Everyone makes excellent points.
However, having had time during my horribly long commute to think about this, I think I phrased the question wrong. Or, maybe the conversation needs widening.
There is a lot of discussion on ‘mechanics’ and Andrew makes the excellent point that this has been discussed since pretty much forever. I vaguely remember being part of a discussion with Gareth Rees (whatever happened to him?) and others around compass directions and whether or not there was a better approach back on r.a.if in the nineties (I can’t remember the conclusion - probably ‘no’) However, I’m talking about the text. The text is all there is in parser IF, and, unlike any other narrative text which needs to establish a million things like voice, context, narrative, plot, character, etc…etc… IF text is also required to cue the player/reader - to do stuff - to interact with the text in a way that drives the narrative. Which includes giving the player enough information to move around the game.
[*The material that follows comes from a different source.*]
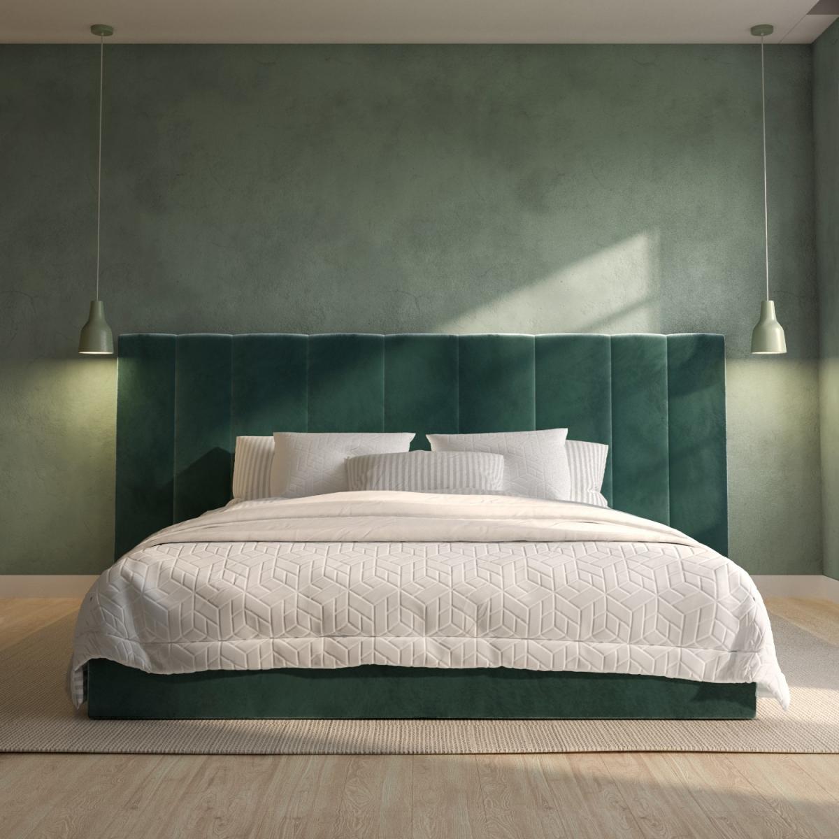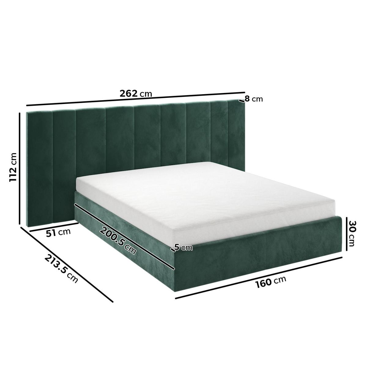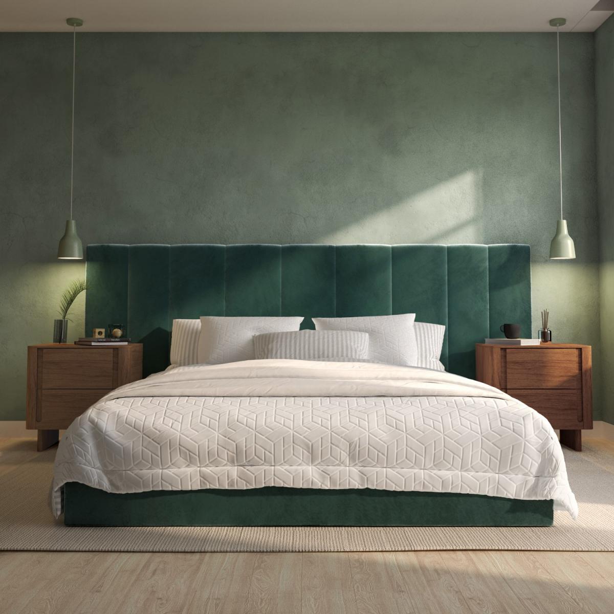 All about me Upgrade your master bedroom with this luxurious Iman bed frame. Enhanced by the long and wide feature headboard and plush padding, it'll instantly elevate any interior. With easy-access storage and a fabric base to protect items from dust, it's functional as well as stylish and comfortable. With a sturdy wood frame construction, it's built to last. Plus, it's sprung-slatted for ultimate comfort and fits a UK standard king-size mattress. Save 10% off your perfect mattress when bought with this bed Need to know Product dimensions: W260 x D214.5 x H112 cm Product weight: 52.1kg Bed mattress size: Standard UK King (150 x 200cm / 5ft) Colour:Dark green Finish: Upholstered Material: Wood, solid wood combination, metal, foam, fabric/Velcro base and velvet Bed base: Sprung-slatted Assembly required: Yes Mattress included: No Packaging dimensions: Box 1: W114 x D161.5 x H13 cm / Box 2: W26 x D203.5 x H15.5 cm Packaging weights: Box 1: 33.6kg / Box 2: 22.5kg

Andrew made the point that “I guess my view is that in traditional IF, the compass directions are not competing with the prose, nor distracting from it.” but I disagree slightly. For a ‘traditional IF’ game in which puzzles and goals are everything, fair enough. But in a game in which narrative voice and story are at the forefront, maybe so.
It feels like the ‘structure’ of an IF narrative has remained the same forever. Take a location description. In general, I would argue that 90% of location descriptions take the form of :
Going from a Scott Adams ish
Exits : NSEW
You can see: tree.
…has the way the author present the text to the player really changed in the last 30 years? The argument is: For us, this works. We’re used to it. We’ve always done it that way. Doesn’t make it right.
My original question was : ‘How do I elegantly embed a directional mechanic in the text without it being clunky and breaking player immersion, while still giving the player enough information so they don’t get irritated’
Given Twine and it’s ilk, which really does enable complete integration of game mechanic and text, I think the discussion really ought to be, for parser IF, ‘Does the traditional structuring of narrative elements within IF need a re-think?’ ‘Is there a way of more closely integrating game mechanic within the text?’
I don’t know the answers to this, of course. But I thought it interesting.